Many of CDC’s efforts focus on policy, systems and environmental changes that integrate the inclusion of people with IDD into community decision-making. Such changes can be more sustainable and impactful over the long term and reach more people, said Karma Edwards, MSPH, a public health consultant at the Center for Advancing Healthy Communities at the National Association of Chronic Disease Directors.
NACDD led a CDC-supported national pilot project — Reaching People with Disabilities through Healthy Communities — that funded five states and 10 communities to make inclusive changes at the local level. An overarching goal was “changing norms and culture around disability and inclusion,” Edwards said.
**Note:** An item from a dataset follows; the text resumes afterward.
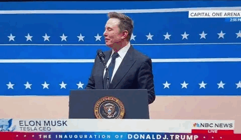 what do you mean elon musk did a nazi salute on live tv at the united states presidential inauguration twice and is now erasing the evidence off the internet by replacing the footage with the crowd cheering instead?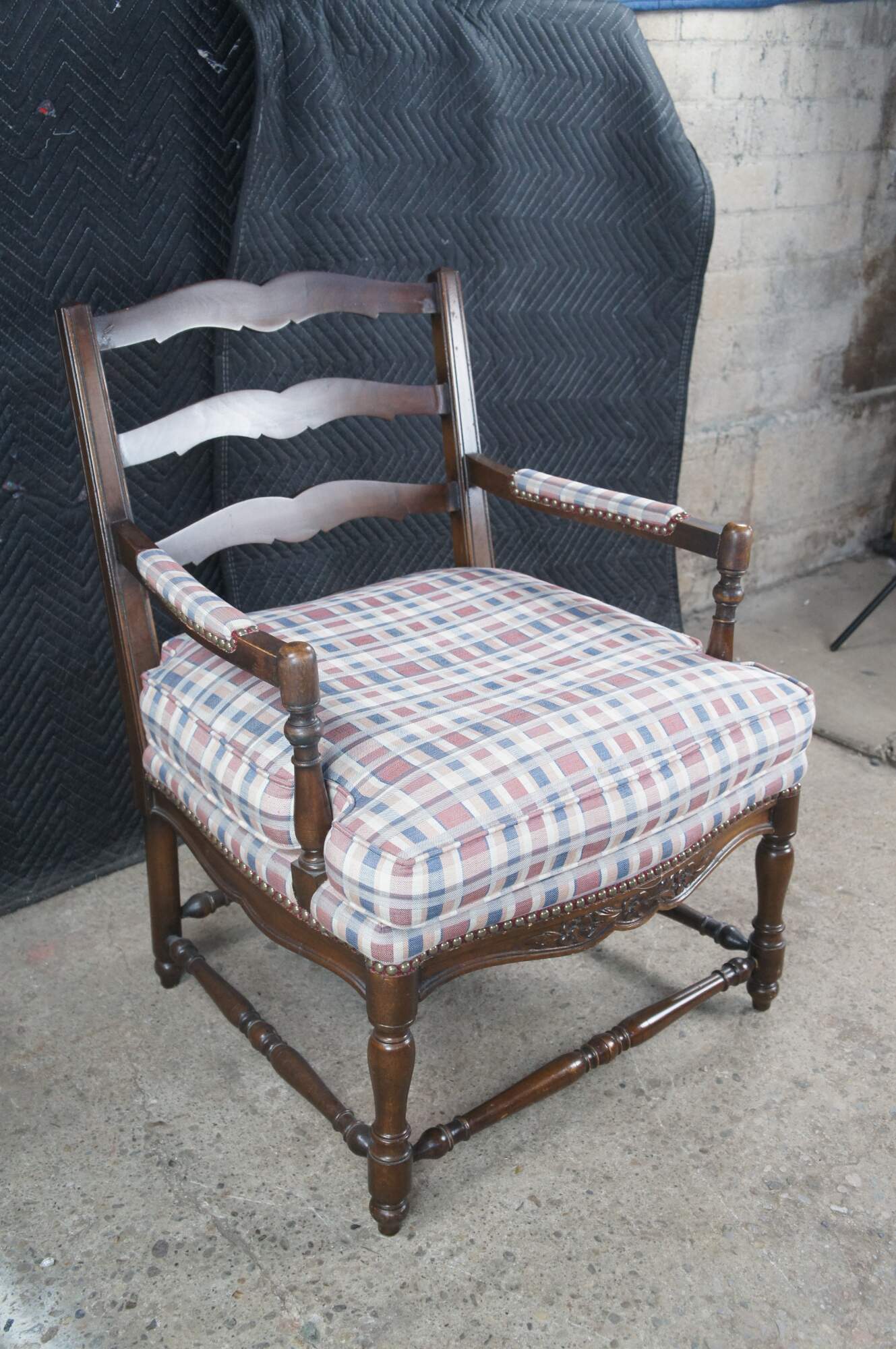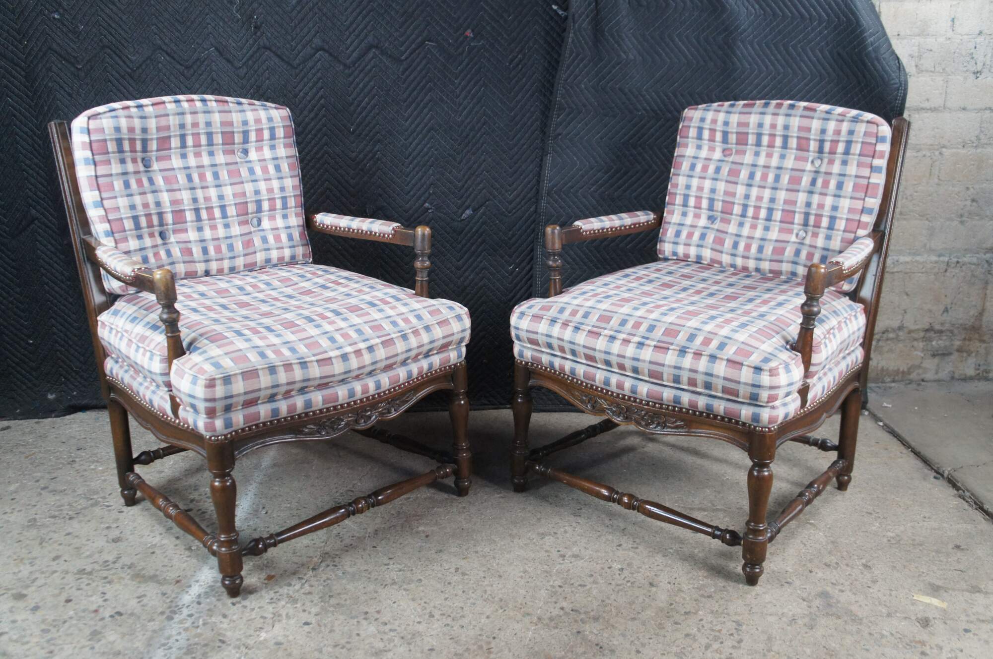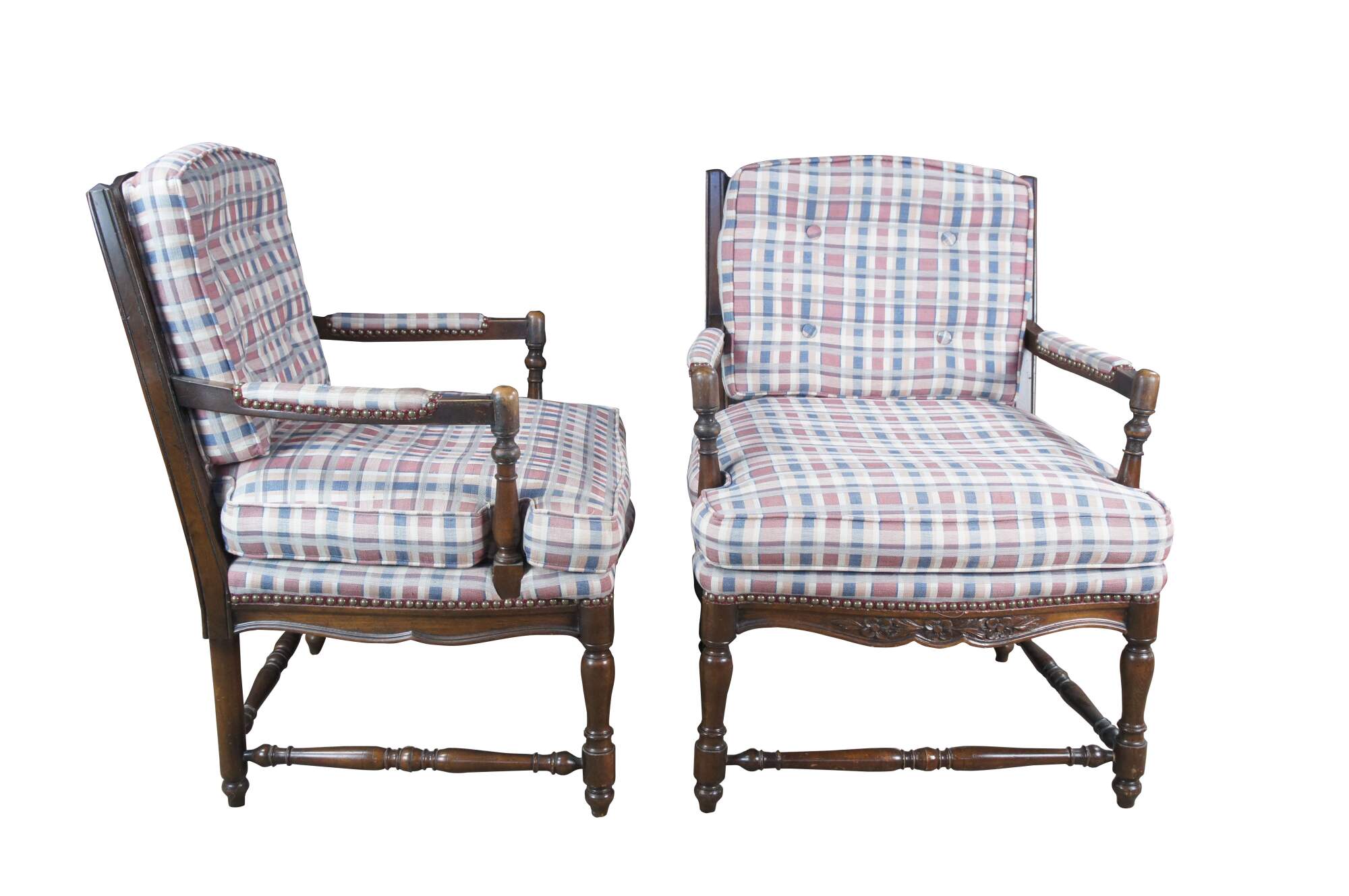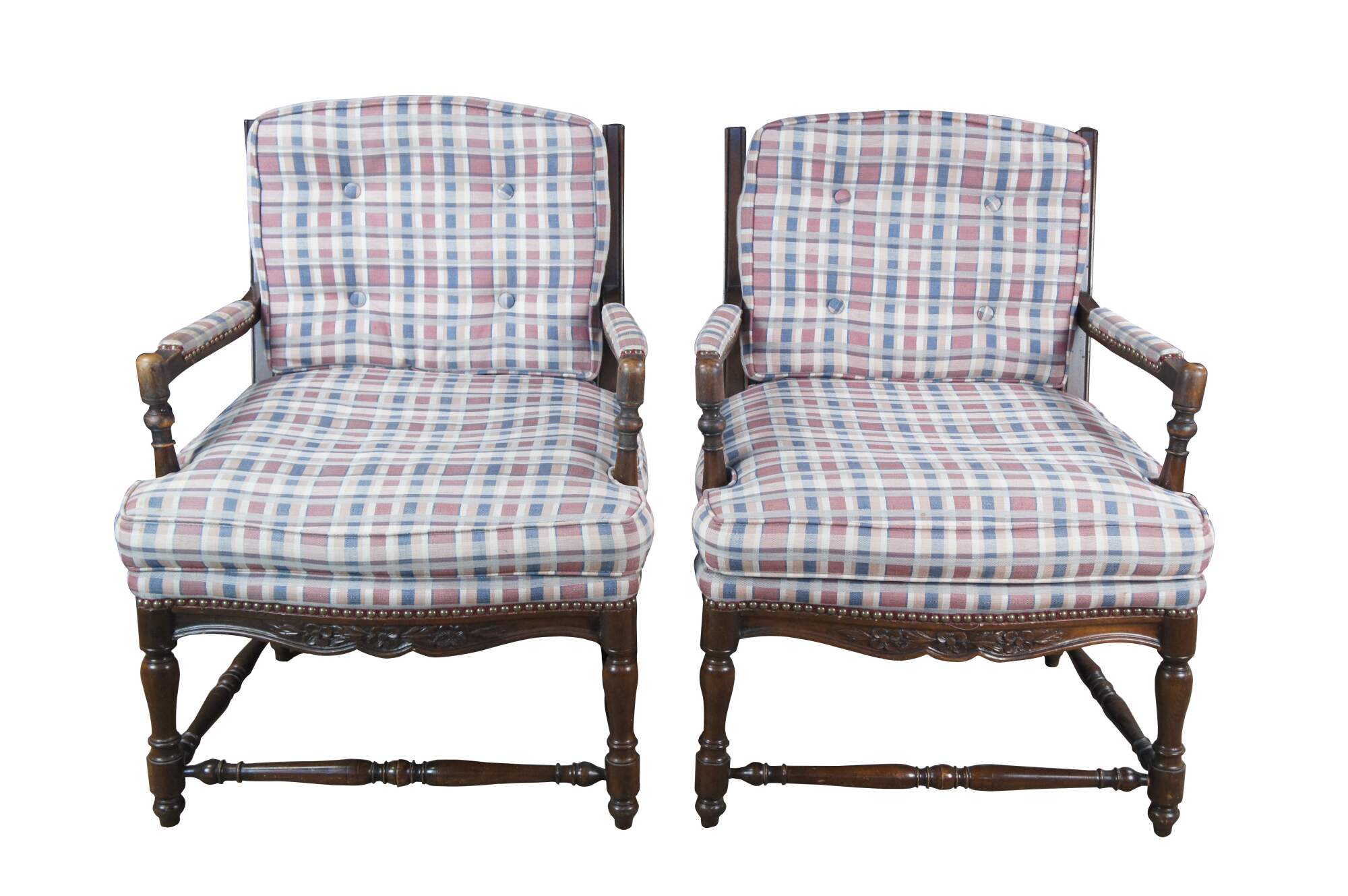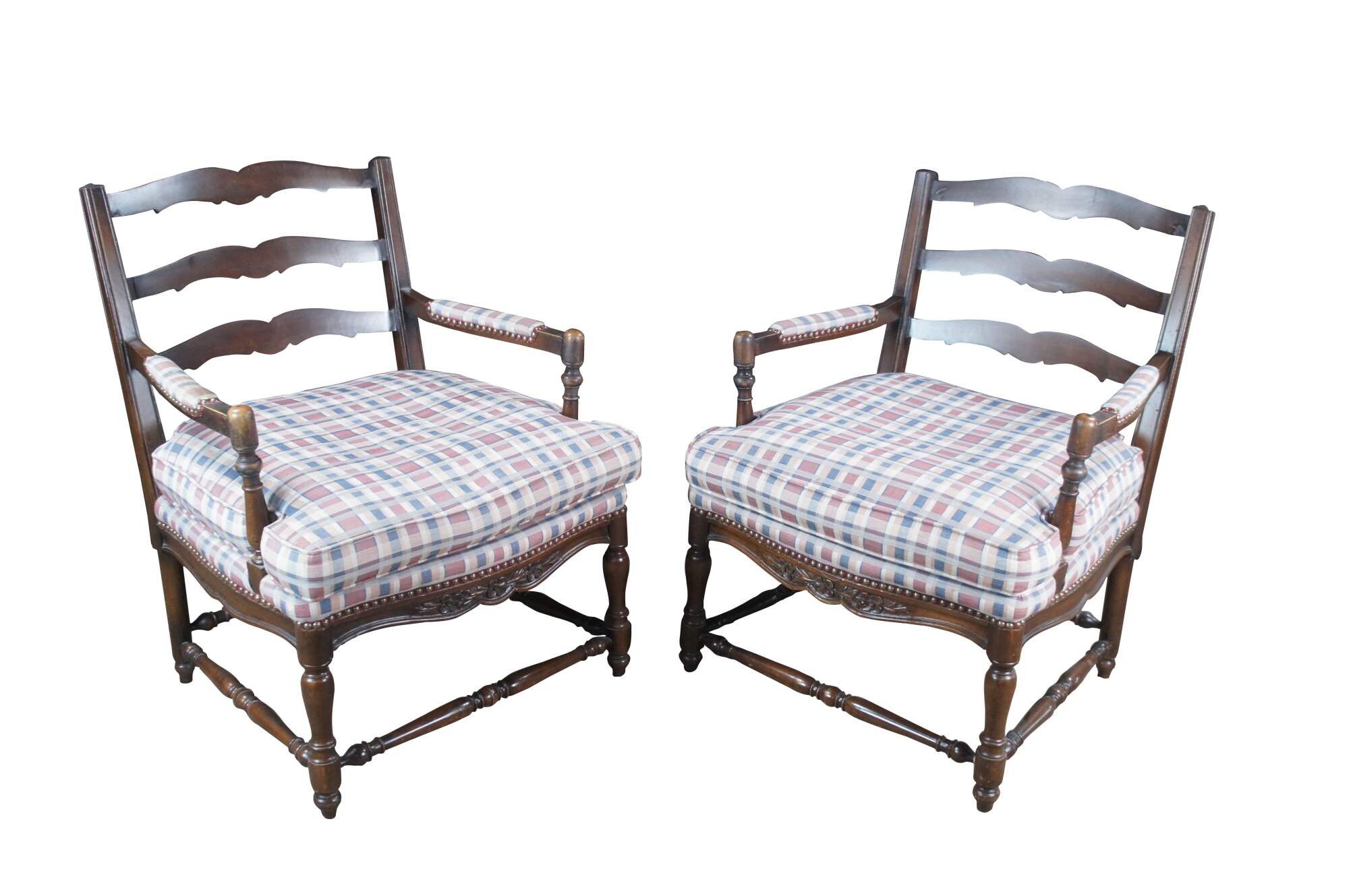 Two vintage French Country style arm chairs. Made of walnut featuring a ladderback design with carved floral and turned accents, plaid tufted upholstery and nailhead trim.

Overall, the five-year pilot led to more than 600 inclusive policy, systems and environmental changes, according to Edwards. A majority were related to improving built environments to facilitate access to health-promoting public spaces, such as parks and playgrounds. Some specific examples include public wheelchair charging stations, inclusive maps and signage at parks, and auditory beacons at crosswalks.
“There’s a big difference between something that’s ADA-compliant and something that’s fully inclusive,” Edwards said.
Empowering people with IDD with skills to advocate for their own health is also key, said Celina Urquidez, MPH, education and training senior coordinator at the University of Arizona’s Sonoran Center for Excellence in Disabilities.
Last year, the center debuted “How to Speak Up for Your Health,” which includes more than two dozen videos featuring people with IDD discussing their personal experiences and tips for navigating health systems. The program also has a toolkit, available in English and Spanish, to help people with IDD prepare for medical visits.
“It’s not often we hear from people with disabilities about what’s really happening in health care settings, so it’s very powerful,” Urquidez said.
The center is also hoping to reach public health workers, Urquidez said. In March, it debuted a free, online continuing education course especially for public heath professionals that teaches skills needed to equitably serve and include people with IDD.
“We really want to get at the root of people’s experiences,” Urquidez said.
One root underpinning health for people with IDD is funding for Medicaid community- and home-based services, which enable people to stay as independent as possible. The services — which help with everyday activities such as bathing, preparing food and transportation — were designed as an alternative to institutional care, but are not actual mandates of the Medicaid program, said David Goldfarb, JD, director of long-term supports and services policy at The Arc.
The result, he said, is long waiting lists for services, low reimbursement rates for home health workers, and people going without needed care. As of 2023, according to the Kaiser Family Foundation, almost 700,000 Americans were on waiting lists for Medicaid home- and community-based services, which can cost hundreds of thousands of dollars out of pocket. People with IDD accounted for nearly three-quarters of those on the lists.
Goldfarb said more Medicaid dollars are critical to sustaining and improving health for people with IDD.
“The foundation of independence starts with these services,” he said.